Saturday, September 6, 2008

Dong Son drums

Dong Son drums are bronze drums fabricated by the Dong Son culture, in the Red River Delta of northern Vietnam. The drums were produced from about 600 BC until the third century AD, and are one of the culture's finest examples of metalworking.

The drums, cast in bronze using the lost wax method, are up to a meter in height and weigh up to 100 kg. Dong Son drums were apparently both musical instruments and cult objects. They are decorated with geometric patterns, scenes of daily life and war, animals and birds, and boats. The latter alludes to the importance of trade to the culture in which they were made, and the drums themselves became objects of trade and heirlooms. More than 200 have been found, across an area from eastern Indonesia to Vietnam and Southern China.

Classification




In 1902, a collection of 165 large bronze drums was published by F. Heger, who subdivided them into a classification of four types.

The Heger 1 drums of the Dong Son culture were classified and divided into five groups by the Vietnamese scholar Pham Huy Thong in 1990, a division that implied a chronological succession. The earliest, group A, comprisees a set of large and intricated decorated drums. Group B consists of a smaller drums who almost universally have a group of waterbirds in flight as their key motif on the tympanum and the mantle designs. Group C has a central panel on the tympanum made up of a row of plumed warriors placed inside another panel of waterbirds in flight. Toads line the tympanum's edge while the mantle was decorated with either patterns involving boats or geometric patterns.

Hoang Ha




The Hoang Hoa drum is a notable specimen of the Dong Son culture of the Bronze Age that existed in the Red River Delta in approximately the first five centuries BCE.

It was discovered in Ha Son Binh Province in 1937, with an outer panel of crane egrets and an inner panel which shows a procession similar to that described in the Ngoc Lu drum, the most famous of the Dong Son drums.

The drum shows a procession similar to that described in the Ngoc Lu drum, the most famous of the Dong Son drums.
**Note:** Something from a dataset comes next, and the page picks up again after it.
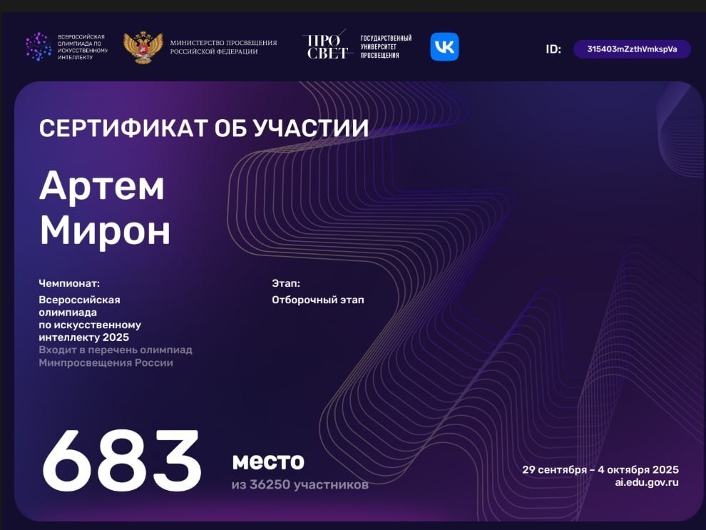 Студенты Люберецкого техникума имени Ю.А. Гагарина приняли участие во Всероссийской олимпиаде по искусственному интеллекту 2025 на платформе All Cups!

This drum varies in that it depicts four sets of men in procession with feathered headgear, rather than two. Also, each set comprises three or four people none of whom appear to be armed. The posture of the men was interpreted as that they were participating in a dance rather than a military ceremony. In this drum, only one pair of people are depicted as threshing rice, and there is no cymbal player. However, the general motifs, such as the boats on the mantle, remain in place.

Large drums found in northern Vietnam were generally in the minority, as most drums have simple decorations with fewer representations of people. The Ban Thom drum has only an inner panel comprising of four houses and plumed humans standing alone or in couples.